Here are the stats from the day:
  • 5o individuals screened (23 women, 27 men)
  • 8 people referred for a biopsy/follow up by JH dermatologists





Ripken Baseball camp teams up with Johns Hopkins Medicine's Department of Dermatology and The Kropfelder Foundation

Baltimore, Maryland June 10, 2013

The Johns Hopkins Department of Dermatology in collaboration with The Kropfelder Foundation for Melanoma Education and Research has teamed up with Ripken Baseball to help eradicate skin cancer. Ripken Baseball inspires young athletes through healthy and meaningful training experiences. On Saturday, June 15, 2013, Johns Hopkins dermatologists will provide complimentary skin screenings at the Ripken Baseball Complex in Aberdeen, Maryland, during the Father's Day weekend baseball tournament that will host over 1,000 young people. Players, coaches, and family members will have the opportunity to get a free cancer screening and learn about ways to prevent skin cancer.

The goal of The Kropfelder Foundation is to provide awareness and education to prevent melanoma and non-melanoma skin cancer. The Foundation, based in the Baltimore area, was established in memory of David J. Kropfelder who lost a ten year battle with the disease. Since 2003, the Kropfelder Foundation has provided more than $60,000 of support to the Johns Hopkins Department of Dermatology for skin cancer education, research, and patient care.
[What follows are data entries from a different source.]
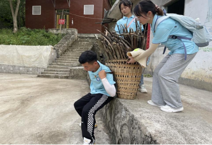 午时,顶着烈日,冒着酷暑,志愿者们干劲十足,热情高涨,继续认真清理着每个角落,为这座少数民族村落营造着干净、整洁、舒适的居住环境。部分队员走进土家族村民家中,为他们清洁家中环境,了解他们的生活现状,帮助孤寡老人砍拾柴火······
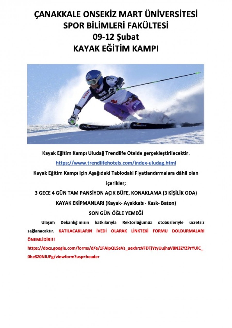 2025-2026 Kayak Eğitim Kampı 9-12 Şubat tarihleri arasında Uludağ Trendlife Otel'de gerçekleştirilecektir. Kampa katılmak isteyen öğrenci ve personelimizin ivedilikle aşadaki online katılım formunu doldurmaları gerekmektedir.
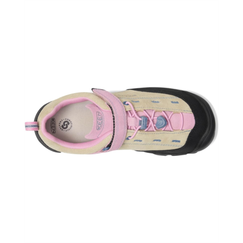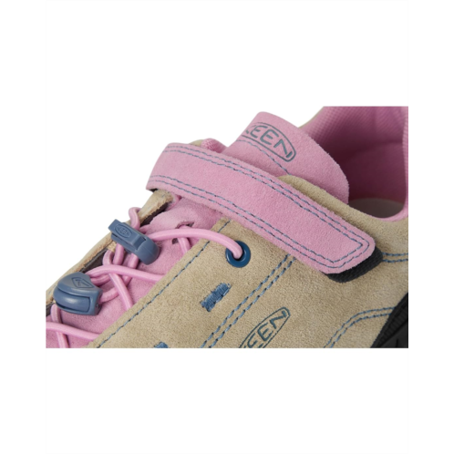 - Reward your kiddo's ever-wandering feet with the KEEN Kids Jasper II shoes. Their removable, cushioning cork footbed conforms to your kid's foot's natural shape, so you can rest easy knowing the fit is just right. The efficient design is easy to pack for comfy after-sport kids' shoes that will have little feet rejoicing after a long day of play. These hiking shoes are made of a premium, environmentally preferred suede upper with a breathable leather lining that keeps your feet cool and comfortable all day long. They are made of a rubber insole and rubber toe bumper that help protect your kids' feet from the slips and stumbles that come with open play. Made with a wide adjustable hook-and-loop strap and a lace lock bungee system to help them gear up and get out the door fast, these sneakers are built off KEEN's traditional wider footwear form. Gently brush them with a soft bristle brush or hand towel to remove loose dirt and debris, while stains can be treated by lightly rubbing a gum eraser in a circular motion over the location and lightly brushing afterward. These lace-up shoes are perfect for kids who love to get outside and play.
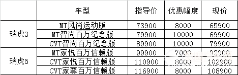 購車現(xiàn)金大禮 活動(dòng)期間,凡購買瑞虎車型的客戶,均可獲得超值現(xiàn)金大禮。其中購買瑞虎5的用戶可得到6000元現(xiàn)金大禮,購買瑞虎3的用戶可獲得7000元現(xiàn)金大禮。同時(shí)購買瑞虎5 1.5T車型還可享受國家購置稅減半的優(yōu)惠政策,而瑞虎3全系車型均可享受購置稅減半的政策,進(jìn)一步降低購車成本。
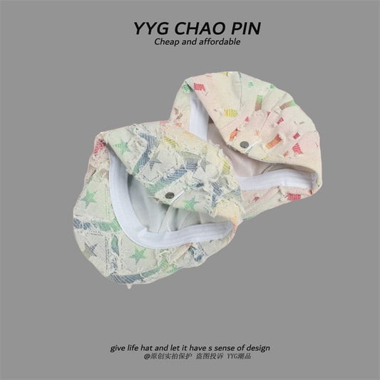 Star Cap Gradient Print Newsboy / Fringed Distressed Denim Trim
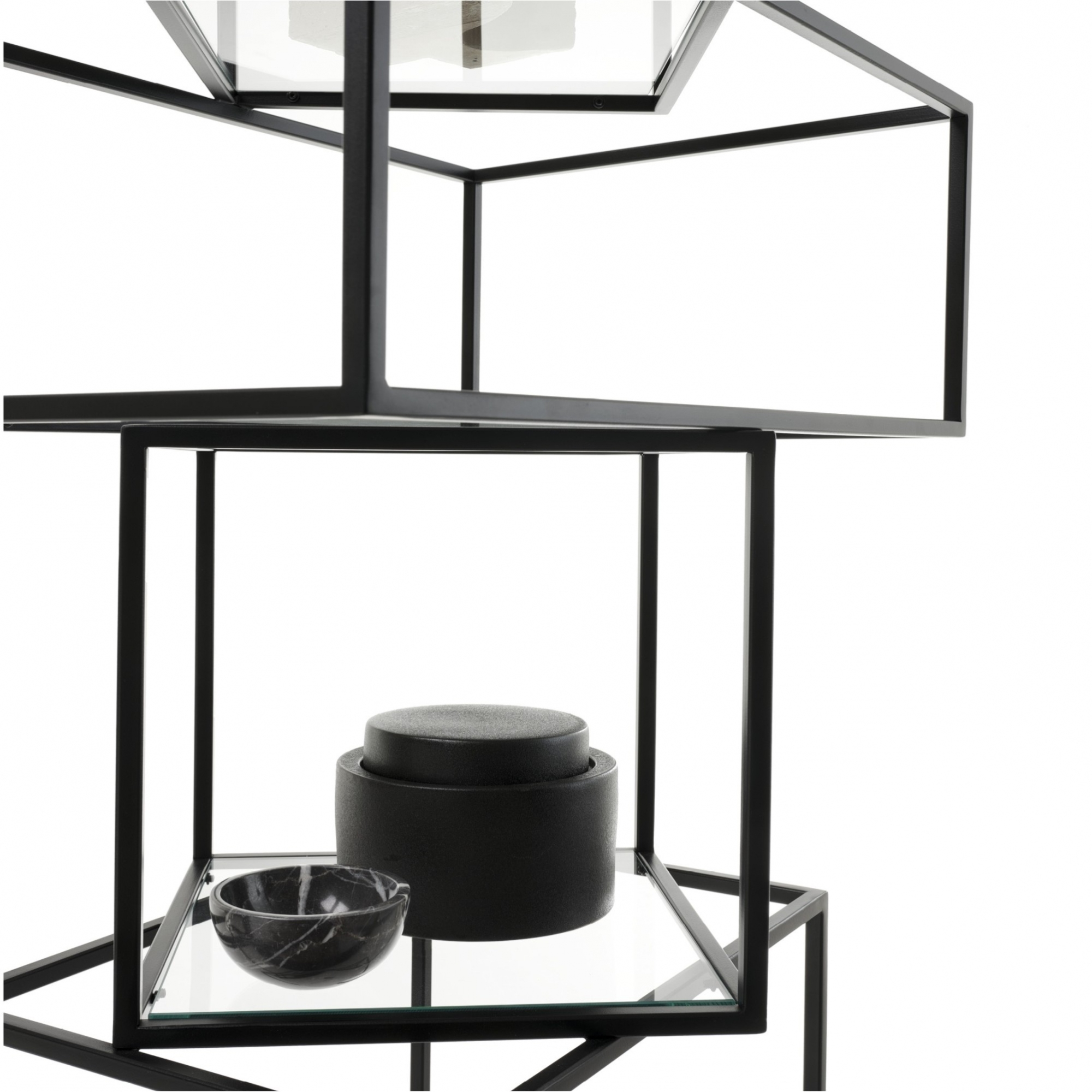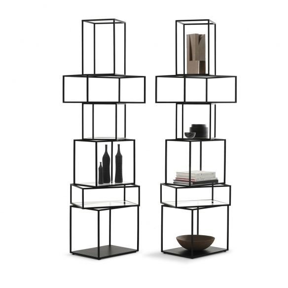 Freestanding black lacquered metal storage, equipped with transparent crystal shelves. Designed by Emanuele Magini for Mogg.
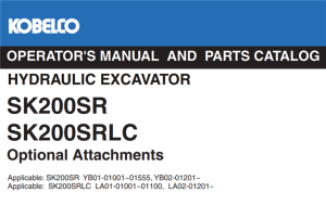 Kobelco SK200SR, SK200SRLC Hydraulic Excavator Optional Attachments Operator’s Manual & Parts Catalog
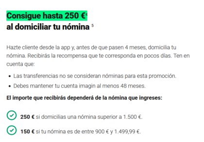 Si domicilias tu Nómina por importe superior a 1.500€, recibirás un incentivo de 250€ netos. Permanencia domiciliación de nómina 24 meses + 24 meses con un saldo de 50€ en cuenta. No te olvides de activar el bizum y dejar 50€ en la cuenta.
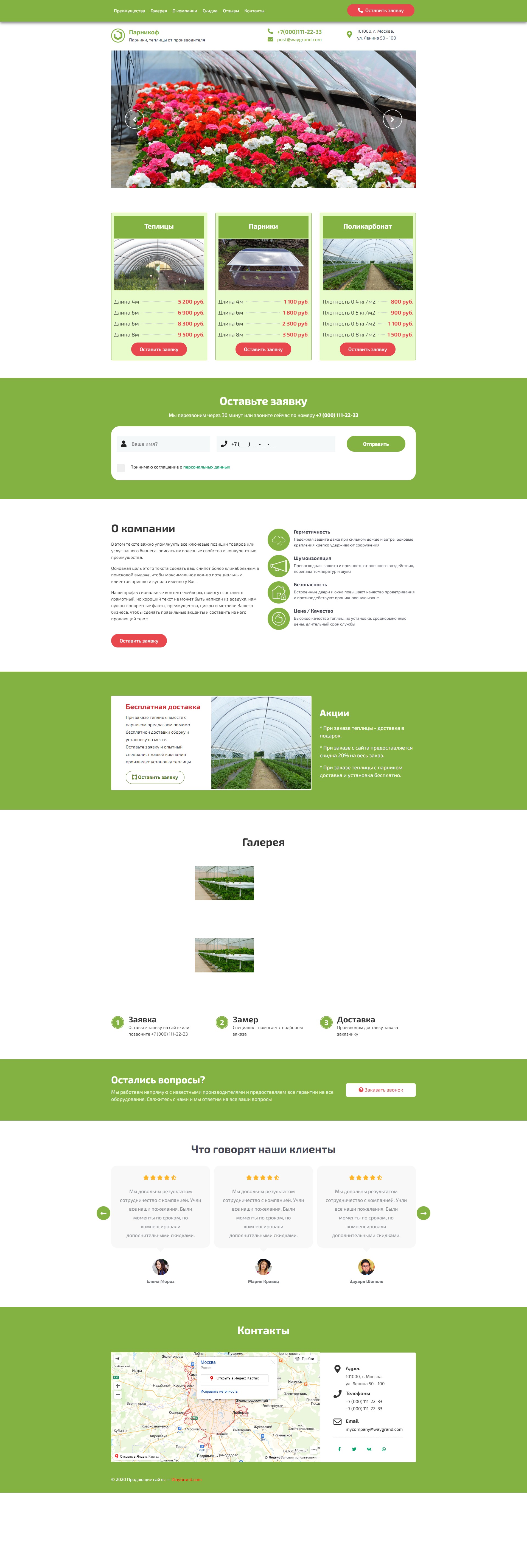 Закажите готовый продающий сайт лендинг #2624202 в Одинцове за 1-3 дня «под ключ»: свёрстан, отрисован и готов к рекламе. Тематика шаблона «Парники и теплицы».
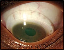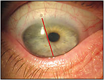Figure 3. Back-surface-toric lens on the eye measured in Figure 2. Toric orientation matches measured toricity.
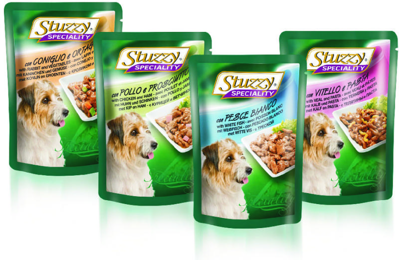 Teljes értékű táp kutyáknak borjúhús-darabokkal és tésztával - 100 g tasak. Összetétel: hús és hússzármazékok 45 % (ebből 10% borjúhús), gabonafélék (tészta 4%), növényi származékok, ásványi anyagok Analitikai összetevők: nyersfehérje 7%, nedvesség 82%, zsírok 4%, hamu 2%, rostok 0,3%

Skin cancer is the most common cancer, accounting for nearly half of all cancers in the United States. More than 3.5 million cases of skin cancer are diagnosed in this country each year. Melanoma, the most serious type of skin cancer, will account for more than 76,600 new cases of skin cancer in 2013 and result in more than 9,000 of the 12,000-plus skin cancer deaths each year. Melanoma is almost always curable when found in its early stages. Although melanoma accounts for only a small percentage of skin cancer, it is far more dangerous than other skin cancers and causes the most skin cancer deaths.